WHAT IS NEEDED:
Word for word, reproduce the listing that follows, excluding any pictures it contains.
── RECORDS FOR THIS TASK
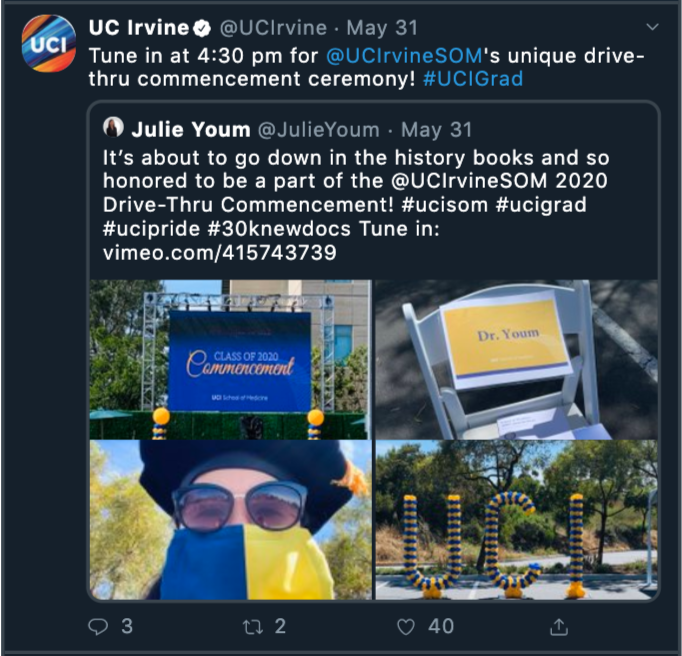 UCI announces Unique graduation for college graduates during a pandemic that killed over 100,000 ppl in the USA
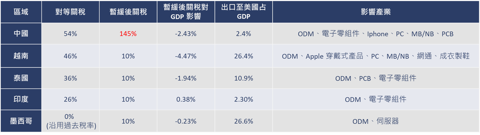 此次關稅蘋概股及板卡相關產業衝擊最大,其次為 PC/NB、網通及成衣製鞋產業,並以伺服器及半導體業影響最小。
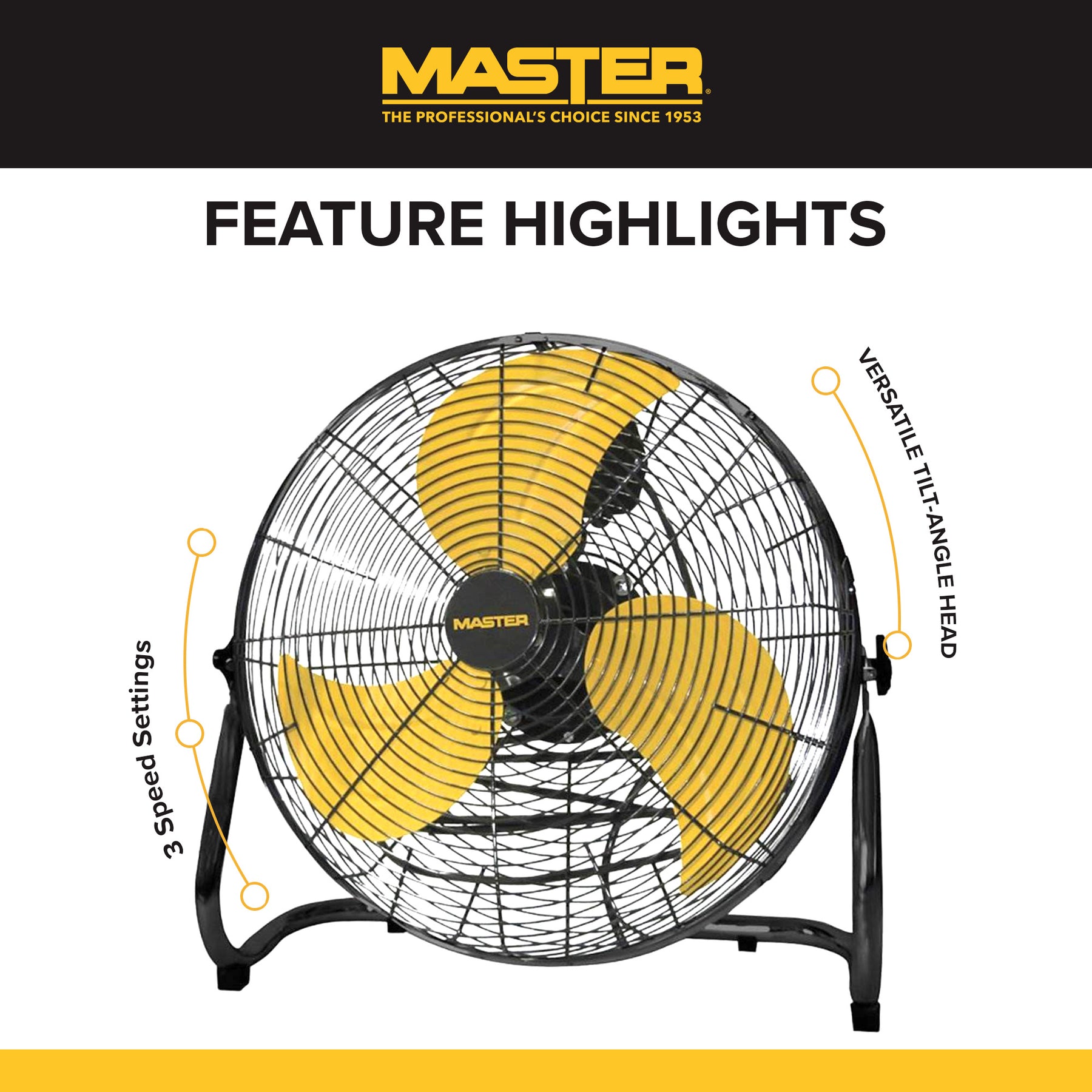 Efficient, durable, and easy to use, the Master 20-Inch High-Velocity Floor Fan is built to perform. Whether tackling tough jobs or beating the summer heat, this fan is your dependable copmanion.
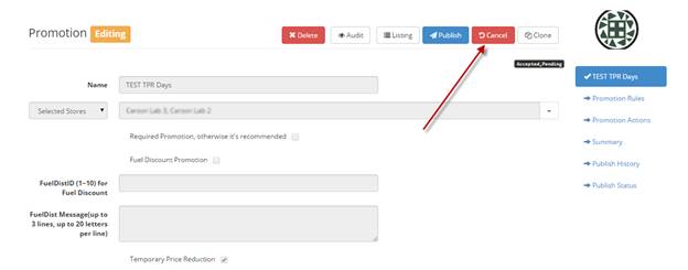 If you find a promotion or TPR was setup incorrectly or you need to cancel for some other reason, you can cancel an active promotion. To do this simply open the existing promotion under Marketing > Promotions and click CANCEL
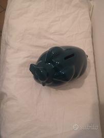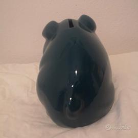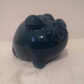 Bellissimo salvadanaio in ceramica (money box - piggy bank) color petrolio, perfettamente intatto e senza crepe o rotture.
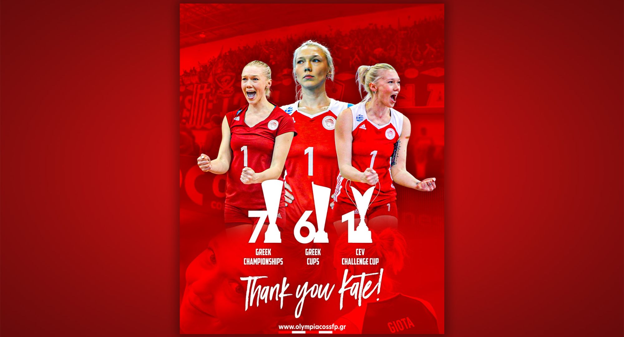 Το καλοκαίρι του 2013, σε ηλικία 23 ετών, «κατηφόρισε» από την Κηφισιά στο Ρέντη. Με ένα μεγάλο χαμόγελο, η Κατερίνα Γιώτα εντάχθηκε στην ομάδα βόλεϊ Γυναικών του Ολυμπιακού. Και έτσι ολοκλήρωσε τη «θητεία» της στον Θρύλο. «Γεμάτη». Περήφανη. Δεν είναι και... λίγα τα όσα πέτυχε φορώντας την ερυθρόλευκη φανέλα. Επτά πρωταθλήματα, έξι Κύπελλα, ένα ευρωπαϊκό, το Challenge Cup του 2018. Σε 10 χρόνια στο σύλλογο μας, η Κατερίνα κατέκτησε συνολικά 14 τρόπαια!
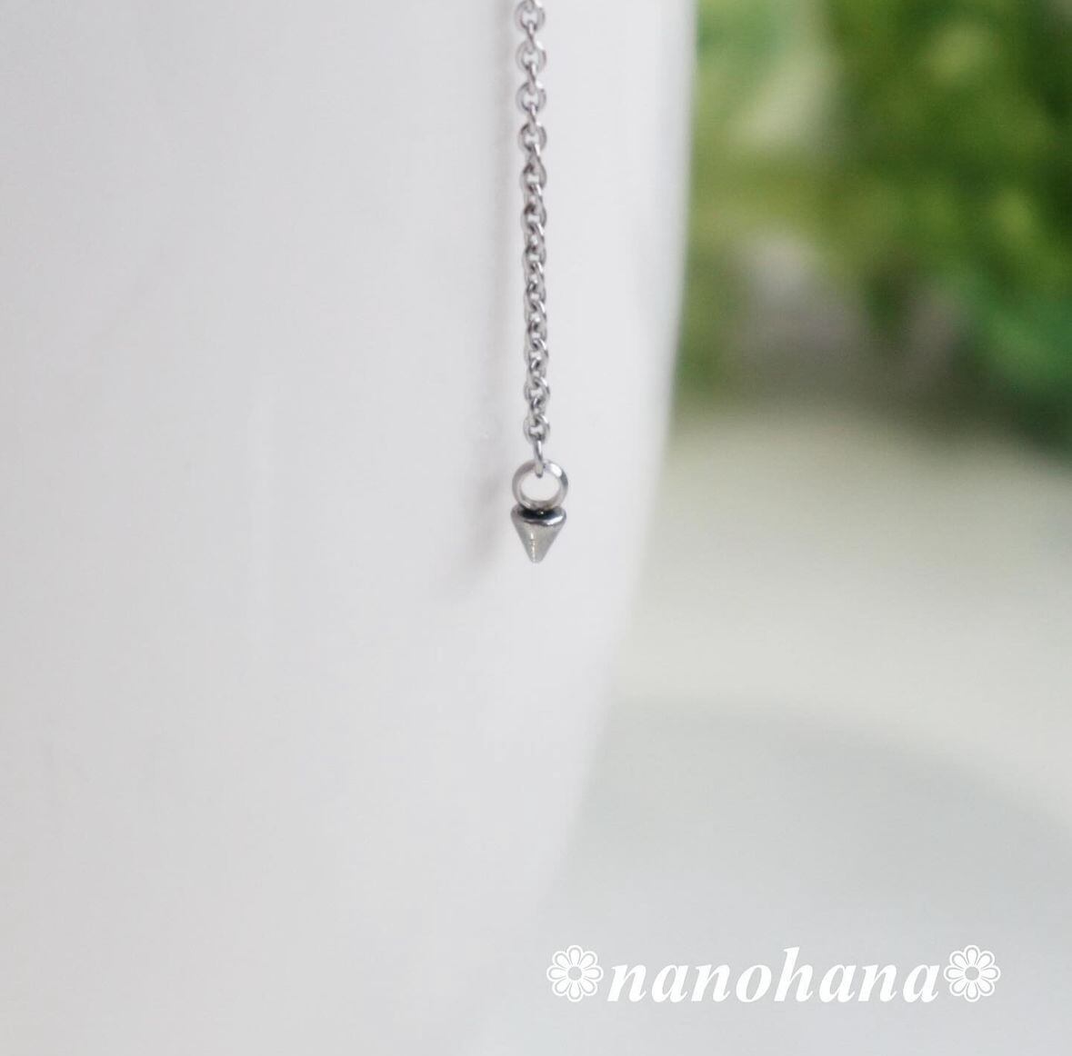 小さなコーンパーツとチェーンを使ったシンプルピアスです。軽やかなチェーンが揺れるたびに、華やかな印象を与えてくれるカッコ可愛いアクセサリーです。
────
TASK RESULT:
 UCI announces Unique graduation for college graduates during a pandemic that killed over 100,000 ppl in the USA
 此次關稅蘋概股及板卡相關產業衝擊最大,其次為 PC/NB、網通及成衣製鞋產業,並以伺服器及半導體業影響最小。
 Efficient, durable, and easy to use, the Master 20-Inch High-Velocity Floor Fan is built to perform. Whether tackling tough jobs or beating the summer heat, this fan is your dependable copmanion.
 If you find a promotion or TPR was setup incorrectly or you need to cancel for some other reason, you can cancel an active promotion. To do this simply open the existing promotion under Marketing > Promotions and click CANCEL
 Bellissimo salvadanaio in ceramica (money box - piggy bank) color petrolio, perfettamente intatto e senza crepe o rotture.
 Το καλοκαίρι του 2013, σε ηλικία 23 ετών, «κατηφόρισε» από την Κηφισιά στο Ρέντη. Με ένα μεγάλο χαμόγελο, η Κατερίνα Γιώτα εντάχθηκε στην ομάδα βόλεϊ Γυναικών του Ολυμπιακού. Και έτσι ολοκλήρωσε τη «θητεία» της στον Θρύλο. «Γεμάτη». Περήφανη. Δεν είναι και... λίγα τα όσα πέτυχε φορώντας την ερυθρόλευκη φανέλα. Επτά πρωταθλήματα, έξι Κύπελλα, ένα ευρωπαϊκό, το Challenge Cup του 2018. Σε 10 χρόνια στο σύλλογο μας, η Κατερίνα κατέκτησε συνολικά 14 τρόπαια!
 小さなコーンパーツとチェーンを使ったシンプルピアスです。軽やかなチェーンが揺れるたびに、華やかな印象を与えてくれるカッコ可愛いアクセサリーです。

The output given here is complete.